La ironía que campea en el relato se exaspera en el final: el asesino espera en la cárcel la decisión del “jurado de doce vecinos –algunos de ellos eventuales clientes de Pálida Rosa–” , mientras distinguidas damas organizan una colecta para comprarle un nuevo violín. En apariencia, todo está en orden: es necesario que se perciba el reclamo de una lectura irónica que restablezca el verdadero orden que postula el texto.

A pesar de que ambos cuentos manifiestan coincidencias significativas, exhiben con maestría dos modos diferentes de abordar una historia similar: la de mujeres que no cumplen con los roles impuestos a su género, a las que corresponde la muerte por su trasgresión; en un marco infrecuente en la época, ambos cuentos exhiben el erotismo y las pasiones femeninas desembozadas. Enfocadas desde el realismo o la ironía, las mujeres de Luisa Mercedes Levinson se asumen como dueñas de su destino, hasta las últimas consecuencias.

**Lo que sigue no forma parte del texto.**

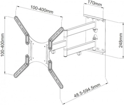 Verstelbare muurbeugel voor LCD/LED-schermen met een diagonaal van 23 tot 55 inch, ideaal voor het veilig bevestigen van tv’s aan de muur met maximale instelflexibiliteit en een elegant design.
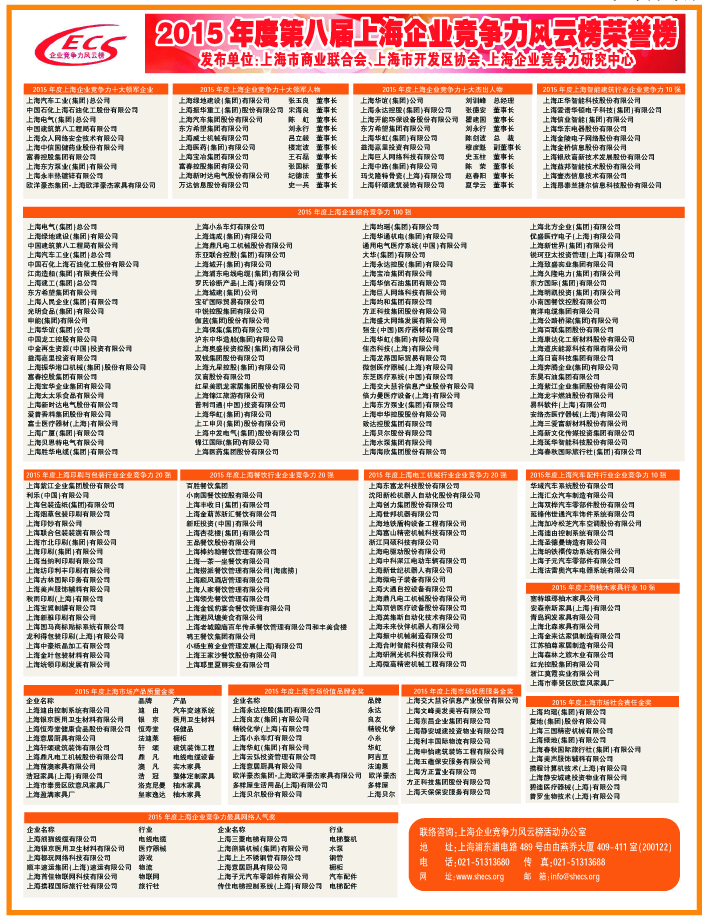 2015年上海企业的竞争力总体水平如何?上海企业竞争力研究中心联合上海市商业联合会、上海市开发区协会、同济大学经济与管理学院等单位,共同开展2015年度上海企业竞争力课题研究已于近日完成,同期发布2015年度第八届上海企业竞争力风云榜榜单。
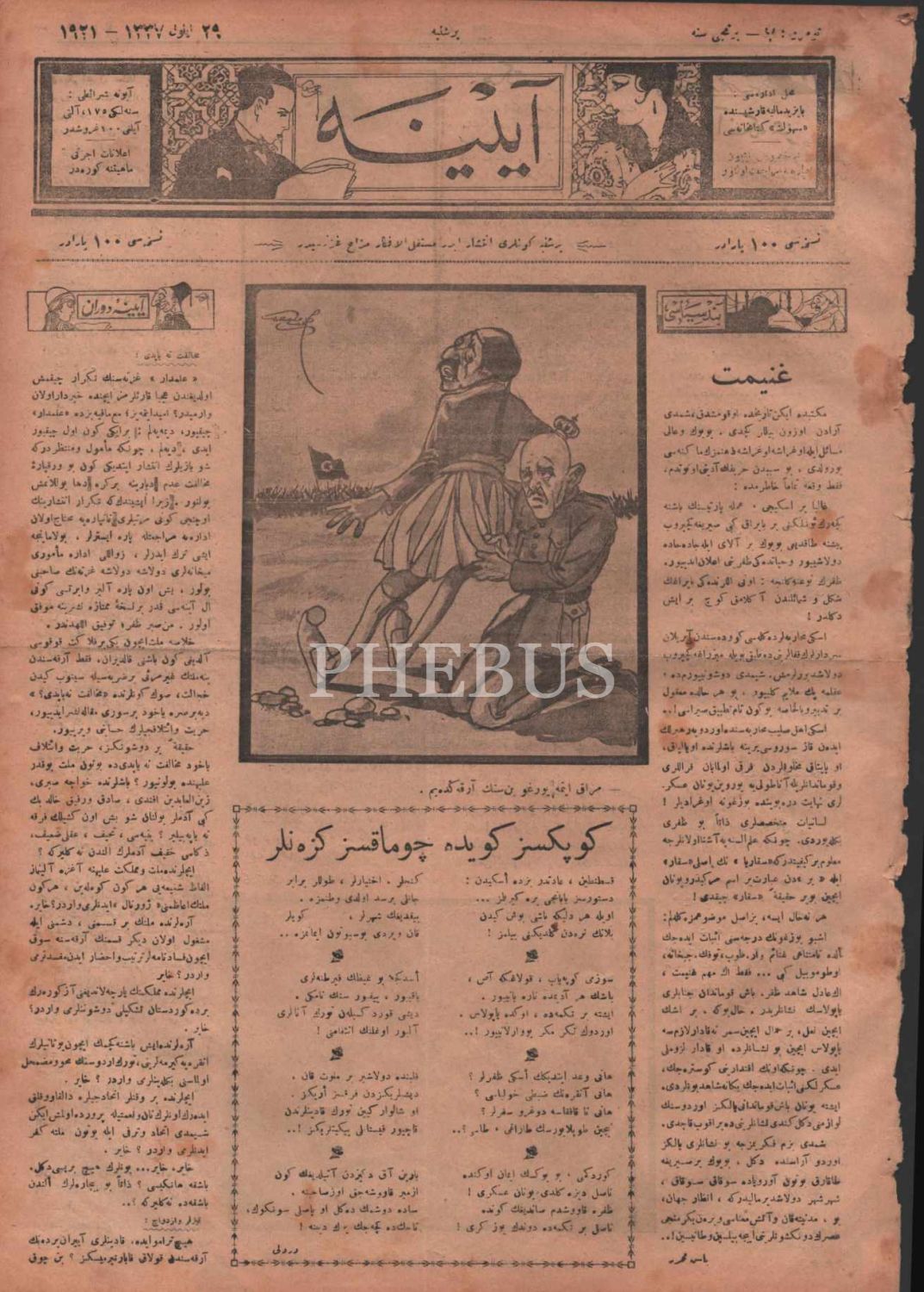 Mizah gazetesi AYİNE´nin 7. sayısı, 29 Eylül 1921, 28x39 cm

Una confesión para terminar este breve acercamiento a Levinson: me encuentro entre las personas que la conocían poco más que de nombre, y en especial por sus rasgos superficiales y excéntricos. Tuve la suerte de que me llegara a las manos un librito con sus cuentos, de la colección de la Biblioteca Nacional para el Bicentenario (1): la lectura de El abra fue una experiencia deslumbrante (2). Revolviendo en librerías de usados, conseguí los Cuentos completos que me acercaron a su obra y me incitaron a esta recomendación de lectura.

 

Notas

 

1. “Se trata de una colección de libros que en su forma pequeña, contemporánea y ágil, dirigen su mirada hacia la historia editorial pasada y a las publicaciones olvidadas o que esperan ser redimidas”, señala la presentación de los volúmenes, que se vendían por $1 en una máquina ubicada cerca de la Biblioteca Nacional. Lamentablemente, se agotaron en la Feria del Libro y no han sido reeditados.

 

 2. Este cuento y otros cuatro pueden leerse en el sitio www.luisasamlevinson.com.ar. También se incluyen la biografía de la autora y algunos ensayos sobre su obra;especialmente interesante es el de LeopoldoBrizuela.